MATERIAL SUPPLIED section start
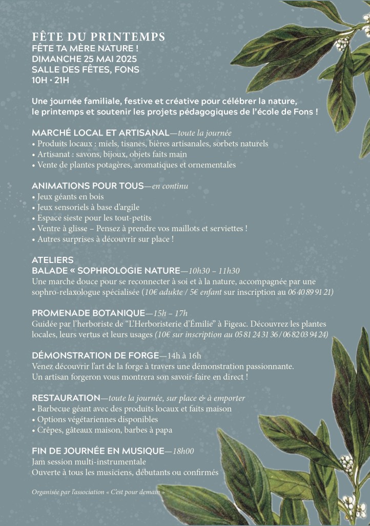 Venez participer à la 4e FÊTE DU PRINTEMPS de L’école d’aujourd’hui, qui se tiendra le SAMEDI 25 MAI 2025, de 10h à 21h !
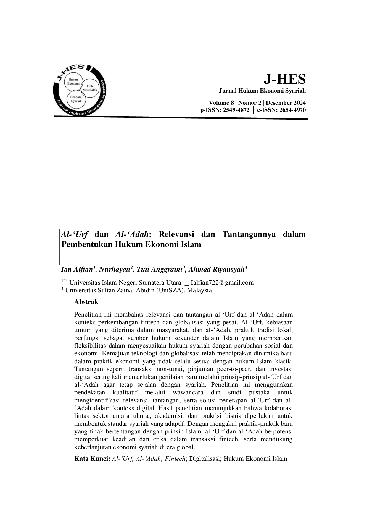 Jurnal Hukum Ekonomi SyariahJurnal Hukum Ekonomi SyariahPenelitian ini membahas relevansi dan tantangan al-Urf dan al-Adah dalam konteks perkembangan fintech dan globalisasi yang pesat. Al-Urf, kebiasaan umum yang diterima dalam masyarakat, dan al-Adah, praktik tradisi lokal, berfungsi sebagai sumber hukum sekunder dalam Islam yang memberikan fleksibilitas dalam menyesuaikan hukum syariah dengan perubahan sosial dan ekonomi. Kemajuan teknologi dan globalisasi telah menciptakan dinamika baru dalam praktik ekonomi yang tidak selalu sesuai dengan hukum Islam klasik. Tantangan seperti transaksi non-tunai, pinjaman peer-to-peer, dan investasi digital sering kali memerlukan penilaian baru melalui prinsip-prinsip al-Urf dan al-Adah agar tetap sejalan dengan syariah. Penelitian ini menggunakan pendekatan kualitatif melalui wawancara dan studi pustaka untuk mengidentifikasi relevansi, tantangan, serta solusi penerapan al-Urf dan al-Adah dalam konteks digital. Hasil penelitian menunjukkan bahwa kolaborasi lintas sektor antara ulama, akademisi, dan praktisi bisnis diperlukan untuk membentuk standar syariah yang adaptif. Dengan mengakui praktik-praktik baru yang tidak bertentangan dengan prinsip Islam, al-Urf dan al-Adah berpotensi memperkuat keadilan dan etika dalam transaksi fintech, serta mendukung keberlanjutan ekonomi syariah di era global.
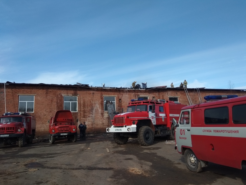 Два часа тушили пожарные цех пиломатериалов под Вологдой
MATERIAL SUPPLIED section end
MATERIAL SUPPLIED section start
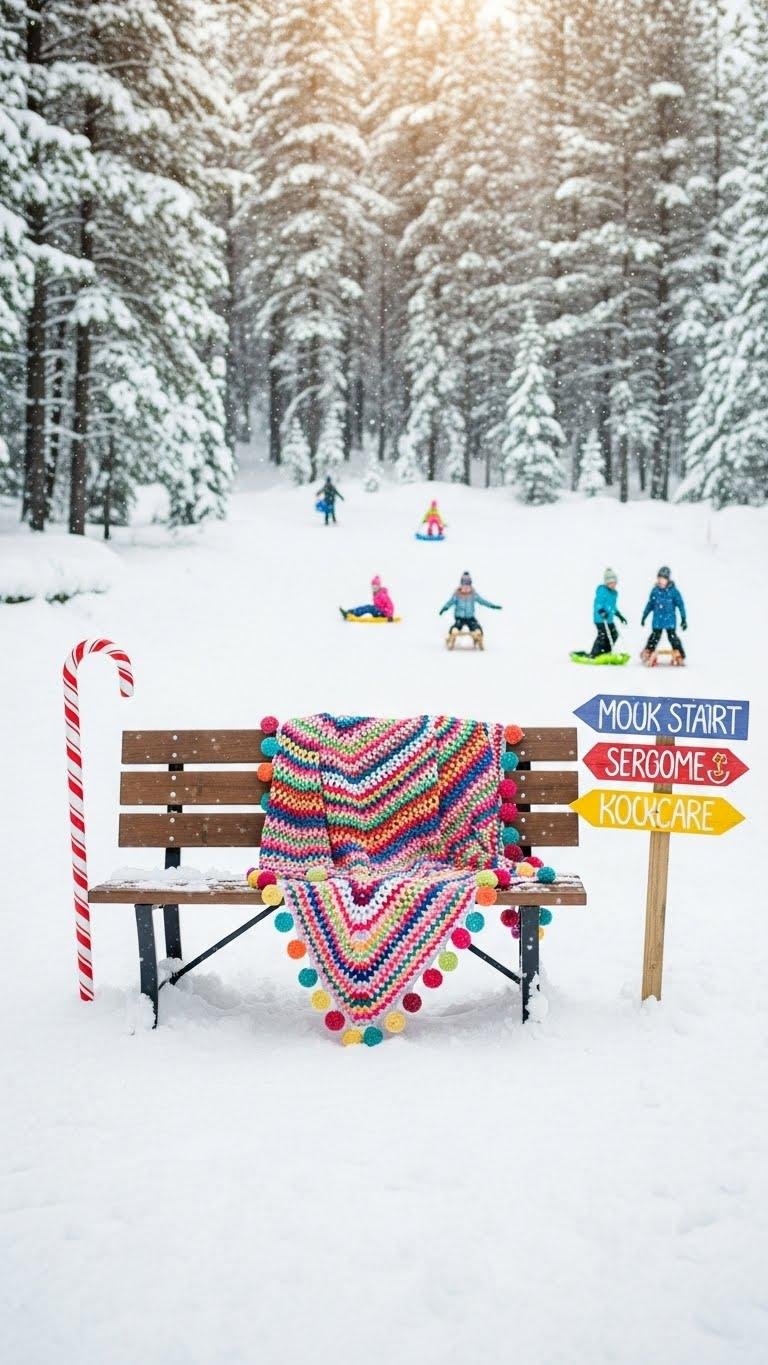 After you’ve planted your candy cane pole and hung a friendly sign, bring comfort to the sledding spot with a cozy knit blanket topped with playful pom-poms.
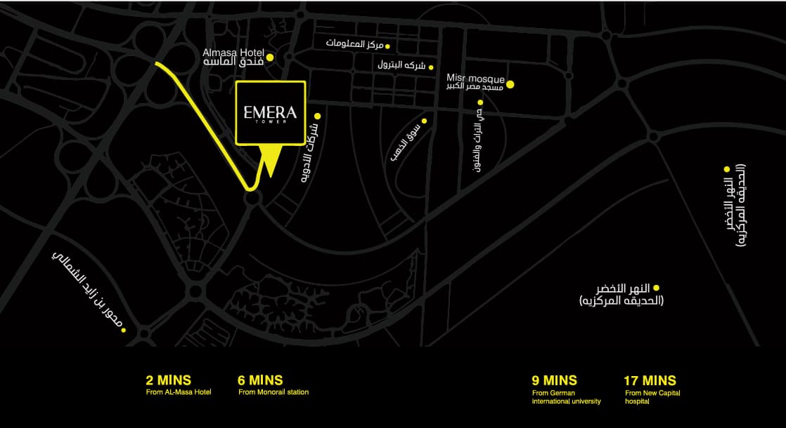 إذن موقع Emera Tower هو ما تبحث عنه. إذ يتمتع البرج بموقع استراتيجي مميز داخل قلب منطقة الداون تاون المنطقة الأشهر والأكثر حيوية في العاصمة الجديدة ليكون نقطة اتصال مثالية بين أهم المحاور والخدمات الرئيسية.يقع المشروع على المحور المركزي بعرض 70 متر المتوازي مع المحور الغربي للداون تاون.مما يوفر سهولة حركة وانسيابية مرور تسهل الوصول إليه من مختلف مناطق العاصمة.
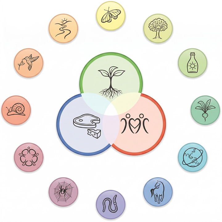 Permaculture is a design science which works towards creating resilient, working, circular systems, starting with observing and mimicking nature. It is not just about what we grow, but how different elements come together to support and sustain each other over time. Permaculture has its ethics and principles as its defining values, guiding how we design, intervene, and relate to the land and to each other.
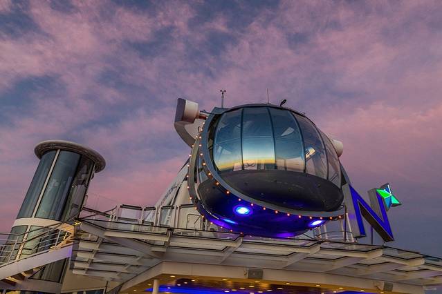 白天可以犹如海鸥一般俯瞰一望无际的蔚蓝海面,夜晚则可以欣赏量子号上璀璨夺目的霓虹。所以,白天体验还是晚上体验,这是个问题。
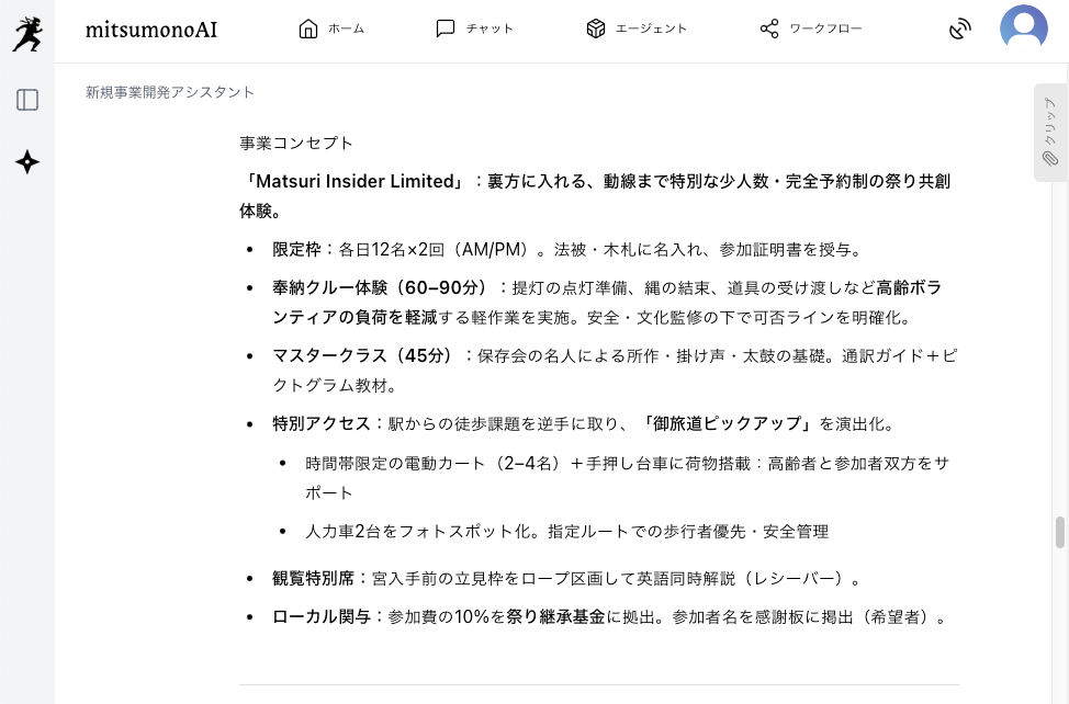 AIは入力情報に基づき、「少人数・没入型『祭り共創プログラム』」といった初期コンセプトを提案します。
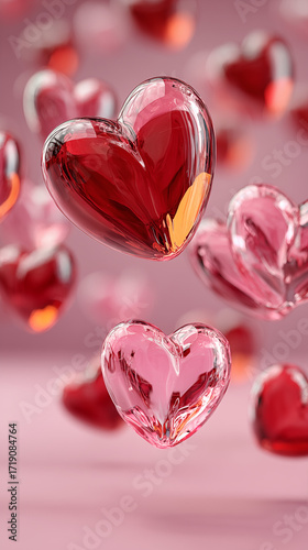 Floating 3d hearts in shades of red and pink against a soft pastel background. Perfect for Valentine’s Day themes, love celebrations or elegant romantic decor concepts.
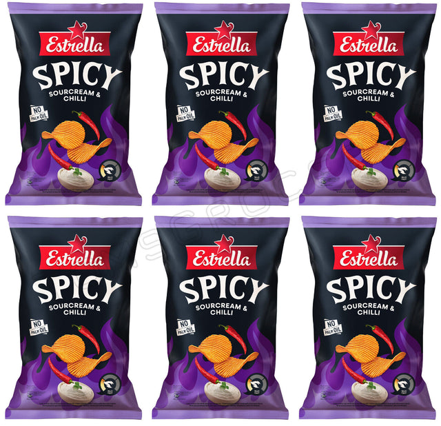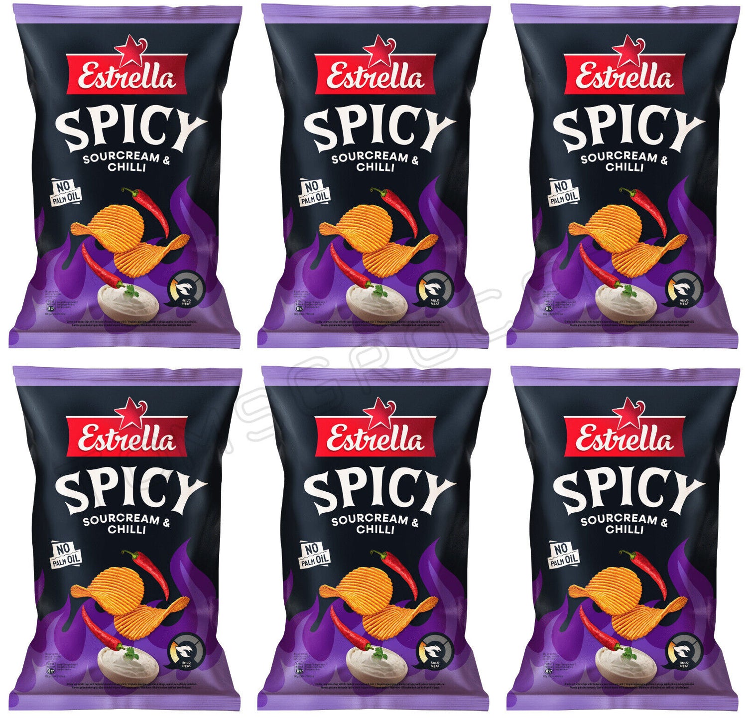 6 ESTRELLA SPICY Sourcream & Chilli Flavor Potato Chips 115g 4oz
MATERIAL SUPPLIED section end
MATERIAL SUPPLIED section start
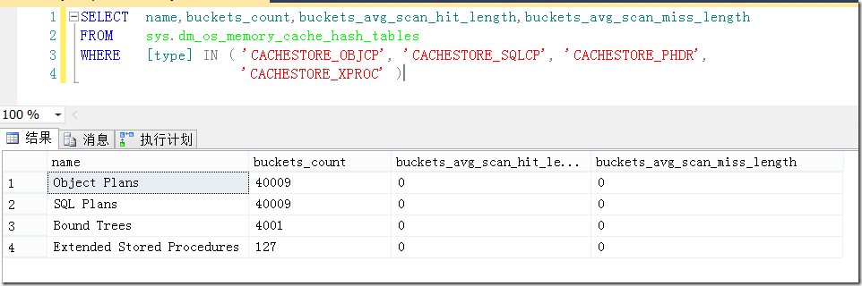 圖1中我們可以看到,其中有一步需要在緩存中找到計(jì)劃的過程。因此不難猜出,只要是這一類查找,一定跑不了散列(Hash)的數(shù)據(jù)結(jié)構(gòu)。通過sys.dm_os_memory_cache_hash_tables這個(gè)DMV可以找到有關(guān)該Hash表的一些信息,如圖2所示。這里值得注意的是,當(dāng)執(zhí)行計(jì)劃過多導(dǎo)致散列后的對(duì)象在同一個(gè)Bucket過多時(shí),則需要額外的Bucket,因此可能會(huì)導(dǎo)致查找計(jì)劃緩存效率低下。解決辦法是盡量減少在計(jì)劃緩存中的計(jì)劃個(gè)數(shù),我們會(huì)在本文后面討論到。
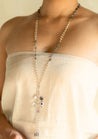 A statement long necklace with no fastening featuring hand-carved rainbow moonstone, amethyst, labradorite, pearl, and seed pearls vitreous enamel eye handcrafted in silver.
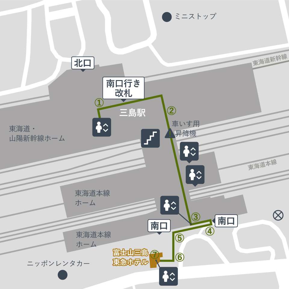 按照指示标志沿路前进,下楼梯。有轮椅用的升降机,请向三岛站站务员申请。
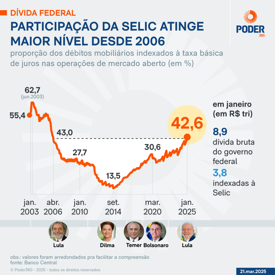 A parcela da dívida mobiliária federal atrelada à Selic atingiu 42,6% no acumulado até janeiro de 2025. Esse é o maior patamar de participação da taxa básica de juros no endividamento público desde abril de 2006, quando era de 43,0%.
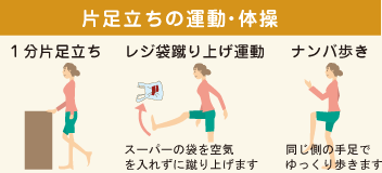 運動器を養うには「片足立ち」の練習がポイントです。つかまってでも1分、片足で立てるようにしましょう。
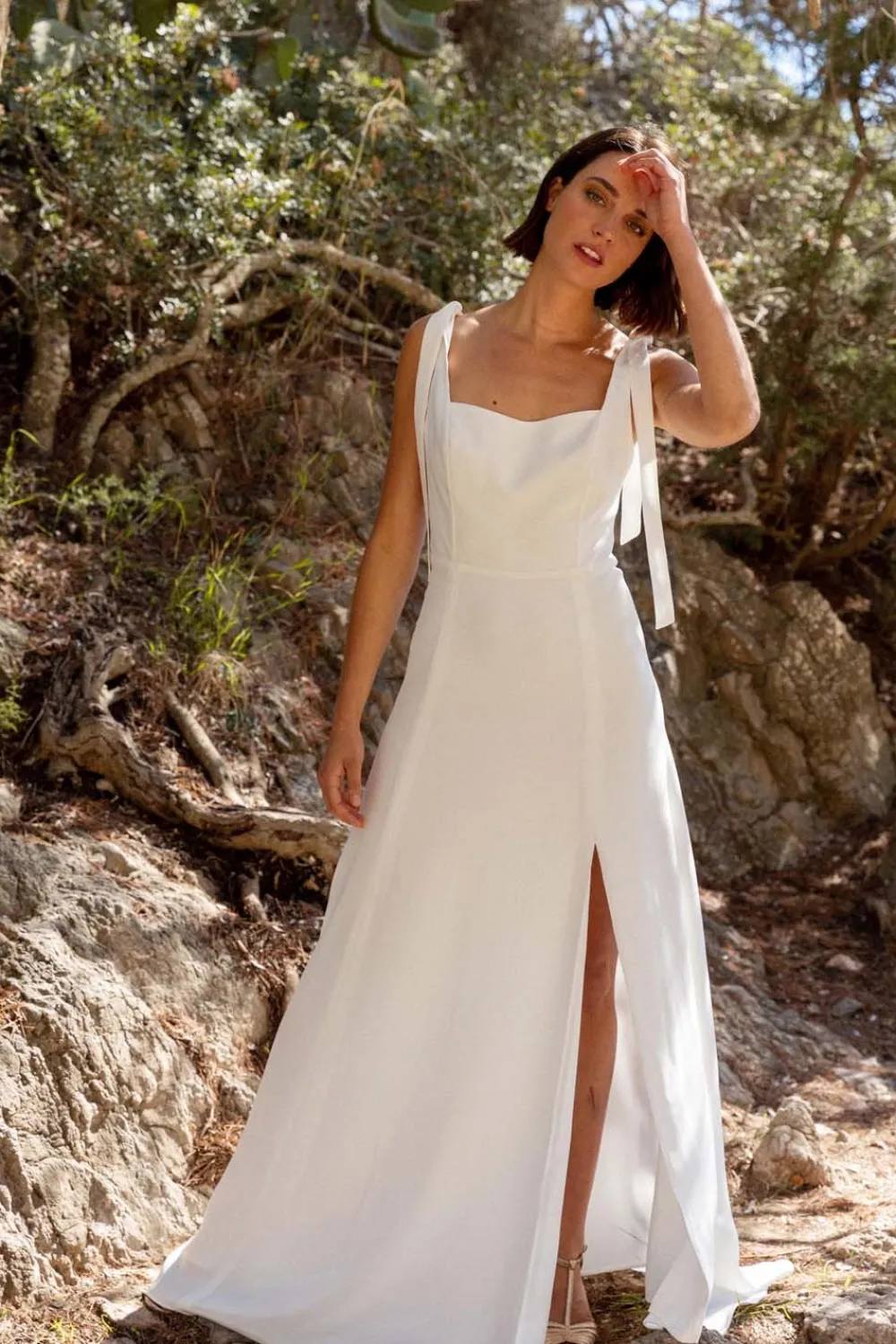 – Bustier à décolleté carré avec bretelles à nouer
MATERIAL SUPPLIED section end
**WORK TO BE COMPLETED:** Word for word, write out the lines above running from the one with "運動器を養うには「片足立ち」" up to and including the one with "bretelles à nouer". Drop any picture.

**RESPONSE AREA:**
 運動器を養うには「片足立ち」の練習がポイントです。つかまってでも1分、片足で立てるようにしましょう。
 – Bustier à décolleté carré avec bretelles à nouer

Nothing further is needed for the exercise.